Criminal Court of the City of New York, New York County
Oct 7, 1965
47 Misc. 2d 1074 (N.Y. Crim. Ct. 1965)


October 7, 1965

Ellsworth A. Monahan and John J. Maquire for plaintiff.

Henry M. di Suvero for defendant.

Defendant herein was charged and tried for violation of section 6 of article II of the Rules and Regulations of the Department of Parks of the City of New York.

The evidence presented at the trial showed that on July 1, 1965 at about 7:50 P.M. the defendant had distributed mimeographed circulars on the sidewalk adjacent to the entrance to Tompkins Square Park. The circulars, one of which was offered and received in evidence consisted of a rather strongly worded attack on our Federal Government for its military involvement in Viet Nam and in the Dominican Republic.

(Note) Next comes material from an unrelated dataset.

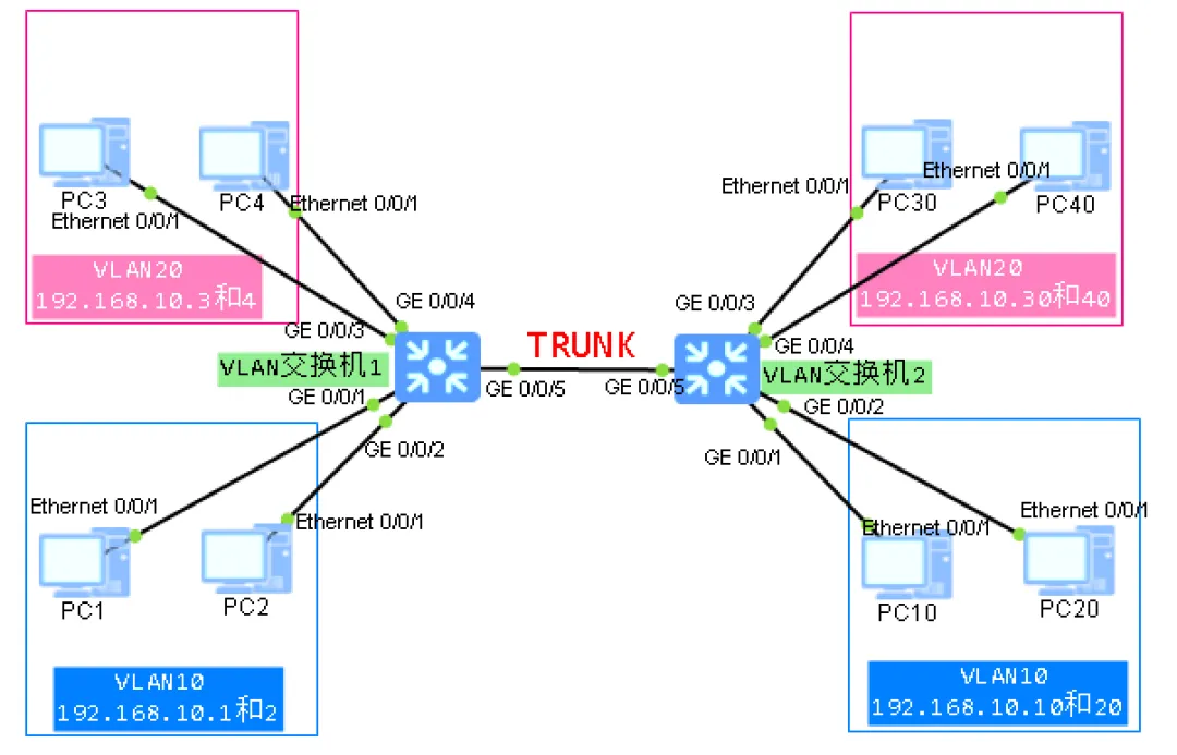 1. 背景介绍VLAN可以实现跨设备的同VLAN间互访不通VLAN的隔离。某些场景,用户办公分布在两个地方,所有终端网段都是192.168.10.0/24,但需要通过两台交换机连接来实现同一VLAN局域网的互访及不同VLAN的隔离。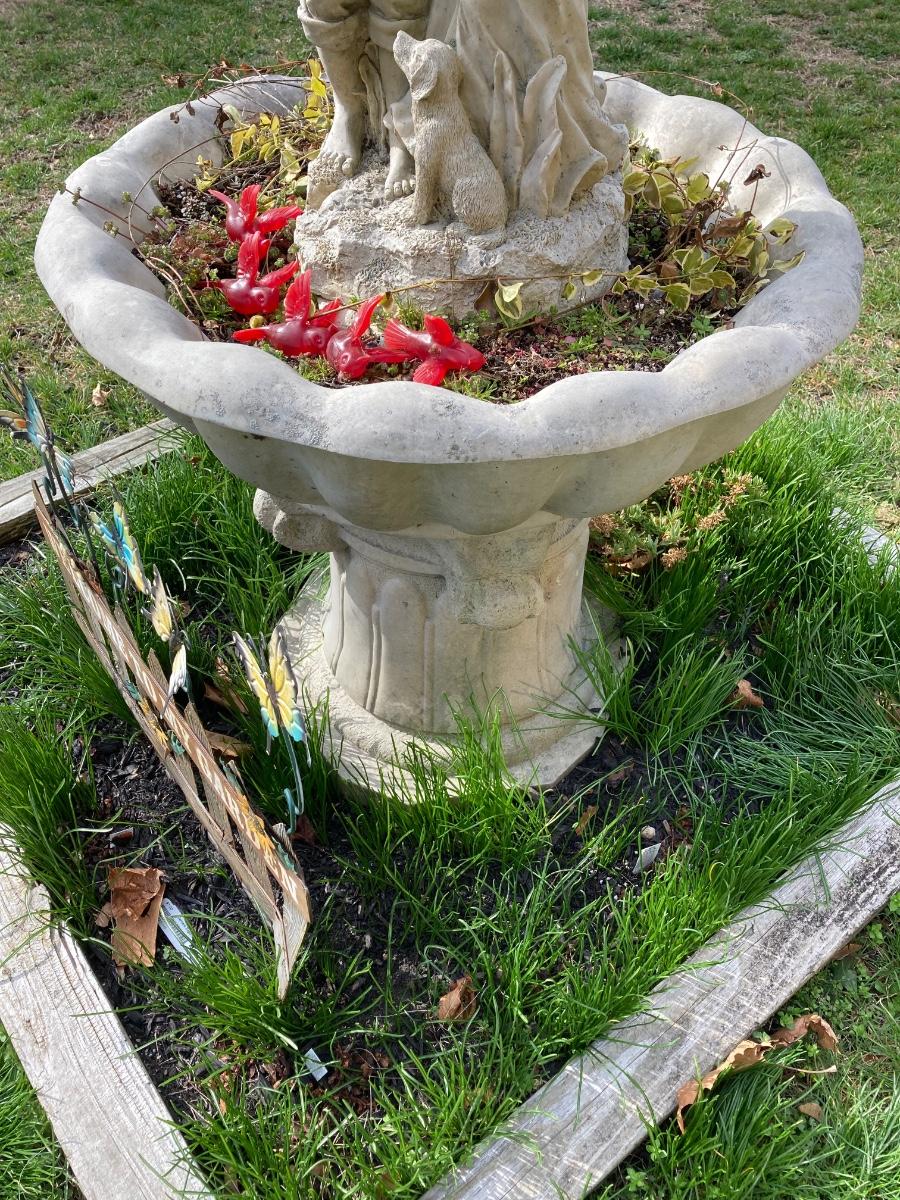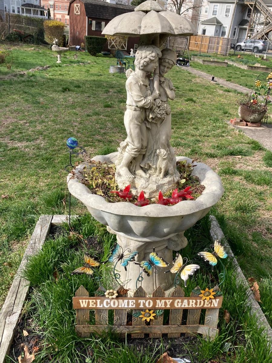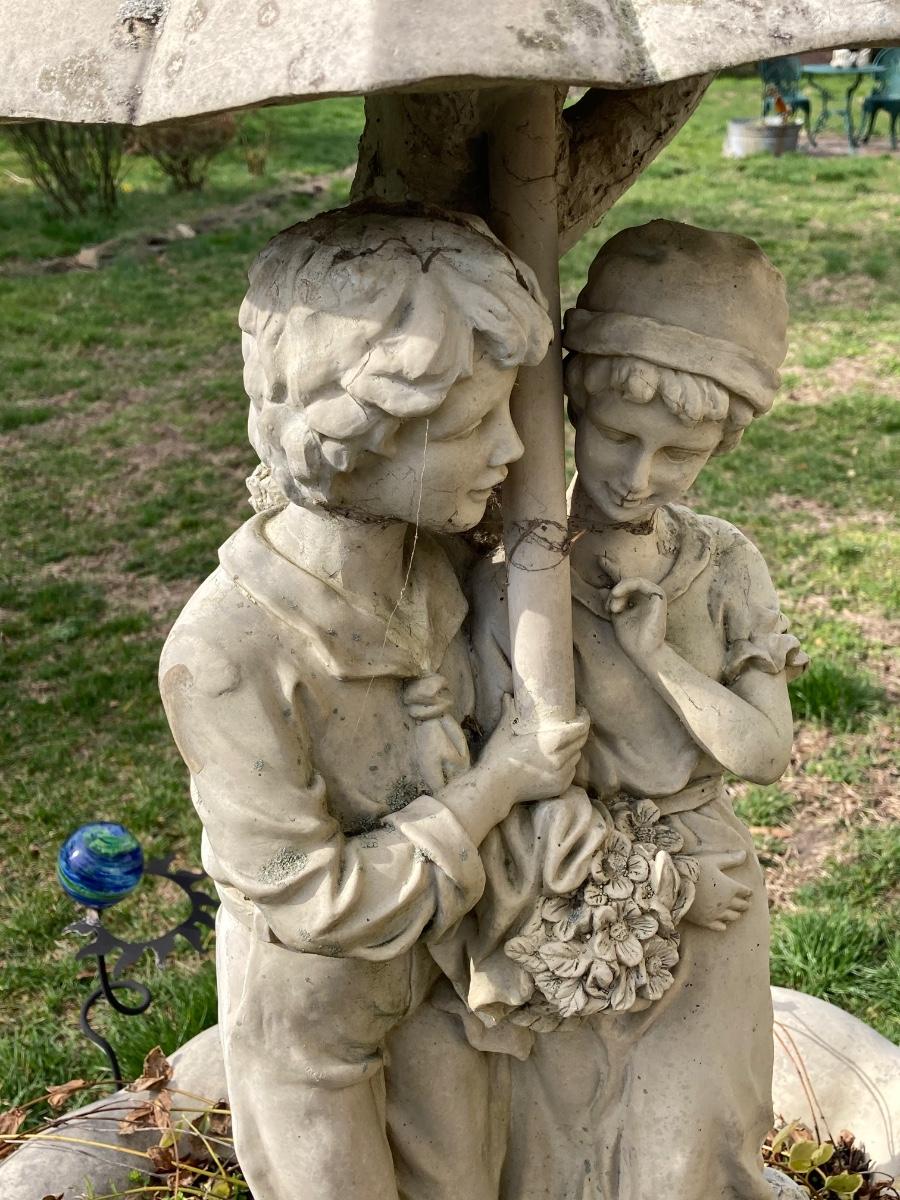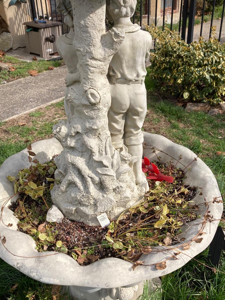 LOT 54: Large Plastic Single Tier Boy and Girl Lawn Ornament, Welcome to my Garden Stake and More

It was signed "Tompkins Square Neighbors for Peace Action". Pictures submitted in evidence and testimony made it clear that the leaflet distribution was peaceful and involved no public turmoil. There is no evidence whatsoever that the distribution made on the sidewalk outside of the park caused any disturbance to those using the park for recreation and rest or in any way interfered with the use of either the park or its adjacent sidewalks for such normal park purposes.

Section 6 of article II of the Rules and Regulations of the Department of Parks of the City of New York, the first sentence of which provides: "No person shall distribute, display, transport, carry, or construct any flag, banner, sign, emblem, model, device, pictorial representation, or other matter within any park or park-street for advertising or political purposes." Article I (§ 1, subd. c) defines "park-street" as "All street property around the park for the full width thereof." The authority of the Commissioner to establish the rules and regulations quoted above is established by sections 532 and 534 of the New York City Charter.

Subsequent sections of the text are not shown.